- Born: North Carolina, United States
- Education: University of Sydney
- Awards: Fellow of the Australia and New Zealand College of Veterinary Scientists
- Scientific career
- Fields: Veterinary science
- Institutions: University of Sydney

= Vanessa Barrs =

Australian veterinary researcher

Vanessa Rosemary Duke Barrs is an Australian veterinary researcher in feline infectious diseases. Barrs established clinical research and specialist veterinary services at the Valentine Charlton Cat Centre within the University of Sydney where she is also Professor of Feline Medicine and Infectious Diseases. Barrs discovered Aspergillus felis, an environmental fungus that causes invasive, intractable disease in cats, dogs and humans. She is currently the BOCHK Chair Professor of Veterinary Medicine at City University of Hong Kong's Jockey Club College of Veterinary Medicine and Life Sciences.

== Early life and education ==
She was born in North Carolina while her father, Henry Deacon Barrs, was a visiting CSIRO researcher at Duke University. Barrs is the youngest of three children. She grew up in Griffith, New South Wales.

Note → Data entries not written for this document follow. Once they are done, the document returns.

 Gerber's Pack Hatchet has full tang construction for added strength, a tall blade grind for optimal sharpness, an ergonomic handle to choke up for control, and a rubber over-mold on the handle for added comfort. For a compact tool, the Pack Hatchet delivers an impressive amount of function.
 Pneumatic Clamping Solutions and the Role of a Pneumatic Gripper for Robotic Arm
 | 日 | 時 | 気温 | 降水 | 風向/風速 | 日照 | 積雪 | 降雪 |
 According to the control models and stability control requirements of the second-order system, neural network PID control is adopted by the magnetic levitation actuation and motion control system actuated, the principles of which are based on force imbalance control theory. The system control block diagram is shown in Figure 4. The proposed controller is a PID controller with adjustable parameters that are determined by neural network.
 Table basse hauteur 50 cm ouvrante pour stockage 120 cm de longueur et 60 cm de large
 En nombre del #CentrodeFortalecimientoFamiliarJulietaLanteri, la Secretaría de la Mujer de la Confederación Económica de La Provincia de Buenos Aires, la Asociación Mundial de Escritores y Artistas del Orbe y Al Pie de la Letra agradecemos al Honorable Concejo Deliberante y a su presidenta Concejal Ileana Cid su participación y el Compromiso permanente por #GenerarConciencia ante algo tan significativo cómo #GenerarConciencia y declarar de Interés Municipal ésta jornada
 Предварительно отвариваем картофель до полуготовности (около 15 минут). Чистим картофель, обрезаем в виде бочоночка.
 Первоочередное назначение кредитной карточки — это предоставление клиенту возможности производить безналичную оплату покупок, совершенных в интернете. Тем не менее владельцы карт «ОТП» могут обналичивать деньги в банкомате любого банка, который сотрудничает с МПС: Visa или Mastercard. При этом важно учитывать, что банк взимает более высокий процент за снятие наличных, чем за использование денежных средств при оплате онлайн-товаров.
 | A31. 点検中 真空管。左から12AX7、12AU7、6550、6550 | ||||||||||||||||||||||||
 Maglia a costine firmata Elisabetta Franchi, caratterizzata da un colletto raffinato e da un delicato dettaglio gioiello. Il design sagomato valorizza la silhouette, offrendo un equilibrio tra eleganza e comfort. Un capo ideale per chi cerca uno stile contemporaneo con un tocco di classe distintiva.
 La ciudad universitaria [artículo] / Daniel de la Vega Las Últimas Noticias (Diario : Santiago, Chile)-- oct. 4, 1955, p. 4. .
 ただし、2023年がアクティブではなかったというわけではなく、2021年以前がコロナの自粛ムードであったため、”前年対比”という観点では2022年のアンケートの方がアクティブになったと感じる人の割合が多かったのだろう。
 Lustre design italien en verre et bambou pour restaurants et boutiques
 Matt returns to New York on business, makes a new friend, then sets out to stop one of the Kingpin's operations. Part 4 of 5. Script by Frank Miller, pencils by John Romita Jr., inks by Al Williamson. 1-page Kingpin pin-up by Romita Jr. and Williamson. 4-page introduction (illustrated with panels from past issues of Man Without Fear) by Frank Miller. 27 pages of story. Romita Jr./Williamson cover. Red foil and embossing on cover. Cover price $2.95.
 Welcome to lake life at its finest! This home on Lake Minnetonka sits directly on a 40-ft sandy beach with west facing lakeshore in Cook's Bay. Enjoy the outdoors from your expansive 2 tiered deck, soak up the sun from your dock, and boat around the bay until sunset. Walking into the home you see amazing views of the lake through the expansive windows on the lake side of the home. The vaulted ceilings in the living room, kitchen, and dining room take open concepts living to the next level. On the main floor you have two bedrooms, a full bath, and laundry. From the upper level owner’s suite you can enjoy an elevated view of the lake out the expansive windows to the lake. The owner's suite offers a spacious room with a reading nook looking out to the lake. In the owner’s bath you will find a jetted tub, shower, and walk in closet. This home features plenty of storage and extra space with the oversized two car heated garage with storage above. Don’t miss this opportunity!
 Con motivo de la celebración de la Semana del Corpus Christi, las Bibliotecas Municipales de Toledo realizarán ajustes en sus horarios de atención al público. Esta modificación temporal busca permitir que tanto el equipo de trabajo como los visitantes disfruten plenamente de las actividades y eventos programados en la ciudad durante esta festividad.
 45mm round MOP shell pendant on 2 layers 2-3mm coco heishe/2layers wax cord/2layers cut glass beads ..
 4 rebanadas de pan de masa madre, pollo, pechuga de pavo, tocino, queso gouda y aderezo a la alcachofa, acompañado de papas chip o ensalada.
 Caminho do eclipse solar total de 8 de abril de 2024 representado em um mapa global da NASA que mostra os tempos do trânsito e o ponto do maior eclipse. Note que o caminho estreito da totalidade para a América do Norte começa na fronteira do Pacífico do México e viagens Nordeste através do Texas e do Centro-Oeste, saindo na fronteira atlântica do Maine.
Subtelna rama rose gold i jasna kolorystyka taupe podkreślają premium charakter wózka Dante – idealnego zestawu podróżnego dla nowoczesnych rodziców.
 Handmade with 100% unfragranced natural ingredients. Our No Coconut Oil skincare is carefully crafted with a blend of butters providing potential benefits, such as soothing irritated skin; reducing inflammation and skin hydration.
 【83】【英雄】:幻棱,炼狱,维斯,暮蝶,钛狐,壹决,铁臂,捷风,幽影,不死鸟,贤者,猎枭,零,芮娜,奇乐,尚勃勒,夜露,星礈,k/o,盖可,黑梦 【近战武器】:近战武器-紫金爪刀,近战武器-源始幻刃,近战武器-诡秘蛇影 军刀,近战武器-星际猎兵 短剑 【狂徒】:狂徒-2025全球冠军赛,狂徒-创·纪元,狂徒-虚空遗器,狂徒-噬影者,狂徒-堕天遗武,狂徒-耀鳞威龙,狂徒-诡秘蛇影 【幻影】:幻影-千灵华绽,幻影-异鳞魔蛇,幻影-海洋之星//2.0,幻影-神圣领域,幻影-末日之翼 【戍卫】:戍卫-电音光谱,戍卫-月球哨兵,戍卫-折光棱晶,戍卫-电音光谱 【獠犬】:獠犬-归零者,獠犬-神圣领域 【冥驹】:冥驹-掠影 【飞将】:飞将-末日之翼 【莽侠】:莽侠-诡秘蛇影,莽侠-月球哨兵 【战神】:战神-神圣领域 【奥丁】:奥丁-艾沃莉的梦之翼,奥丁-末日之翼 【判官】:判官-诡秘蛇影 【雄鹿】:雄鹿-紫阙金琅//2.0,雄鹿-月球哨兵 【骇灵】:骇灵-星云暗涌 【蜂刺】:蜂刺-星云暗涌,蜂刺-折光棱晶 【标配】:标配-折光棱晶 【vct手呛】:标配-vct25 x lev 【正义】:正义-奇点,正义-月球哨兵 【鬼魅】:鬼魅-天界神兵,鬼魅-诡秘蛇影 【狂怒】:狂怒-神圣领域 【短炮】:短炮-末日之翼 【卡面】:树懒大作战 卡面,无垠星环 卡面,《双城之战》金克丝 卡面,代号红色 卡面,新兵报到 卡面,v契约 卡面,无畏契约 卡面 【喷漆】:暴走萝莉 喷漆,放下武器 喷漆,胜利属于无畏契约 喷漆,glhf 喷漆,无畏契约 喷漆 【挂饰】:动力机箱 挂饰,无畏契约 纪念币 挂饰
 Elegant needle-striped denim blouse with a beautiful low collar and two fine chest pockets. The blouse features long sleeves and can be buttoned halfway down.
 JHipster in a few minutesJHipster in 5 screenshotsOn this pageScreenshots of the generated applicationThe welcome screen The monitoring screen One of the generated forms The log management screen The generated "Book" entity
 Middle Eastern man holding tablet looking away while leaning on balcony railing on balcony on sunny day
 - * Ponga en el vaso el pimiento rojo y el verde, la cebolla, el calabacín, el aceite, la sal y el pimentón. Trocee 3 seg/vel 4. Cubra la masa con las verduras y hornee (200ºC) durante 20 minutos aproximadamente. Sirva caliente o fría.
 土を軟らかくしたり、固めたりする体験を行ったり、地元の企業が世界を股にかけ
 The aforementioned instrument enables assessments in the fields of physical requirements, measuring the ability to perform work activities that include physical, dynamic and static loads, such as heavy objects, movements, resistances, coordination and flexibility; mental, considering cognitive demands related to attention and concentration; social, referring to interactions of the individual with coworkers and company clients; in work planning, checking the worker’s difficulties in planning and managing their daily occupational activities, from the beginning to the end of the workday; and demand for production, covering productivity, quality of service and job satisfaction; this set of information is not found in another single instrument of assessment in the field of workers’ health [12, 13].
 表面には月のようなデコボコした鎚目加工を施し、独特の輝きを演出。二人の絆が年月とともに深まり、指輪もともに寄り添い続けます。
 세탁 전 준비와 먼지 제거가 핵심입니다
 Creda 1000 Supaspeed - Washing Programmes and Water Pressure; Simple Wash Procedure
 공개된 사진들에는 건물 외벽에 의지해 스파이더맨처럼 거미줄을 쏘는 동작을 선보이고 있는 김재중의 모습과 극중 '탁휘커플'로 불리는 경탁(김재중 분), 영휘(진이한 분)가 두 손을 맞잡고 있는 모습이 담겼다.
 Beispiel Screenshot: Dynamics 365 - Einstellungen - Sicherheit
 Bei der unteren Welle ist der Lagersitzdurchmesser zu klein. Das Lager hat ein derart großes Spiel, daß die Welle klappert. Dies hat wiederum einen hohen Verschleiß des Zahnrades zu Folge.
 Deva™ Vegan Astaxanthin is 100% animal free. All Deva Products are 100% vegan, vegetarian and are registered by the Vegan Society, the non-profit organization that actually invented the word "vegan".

Barrs studied veterinary science at the University of Sydney, graduating in 1990. While pursuing clinical specialisation, she attained a Master of Veterinary Clinical Studies from the University of Sydney in 1997 and was admitted as a Member of the Australia and New Zealand College of Veterinary Scientists in 1996 and made a Fellowship in 2000.

== Career achievements ==
Barrs has received awards including an Endeavour Research Fellowship in 2011 and the Australian Small Animal Veterinary Association's Distinguished Scientist Award in 2009. Her teaching awards include the Australian Veterinary Association's Excellence in Teaching Award 2008.

She is a scientific editor for the Veterinary Journal (Elsevier), sits on the board of directors of the Australasian Society of Feline Medicine and, until 2018, was the president of the International Society of Companion Animal Infectious Diseases.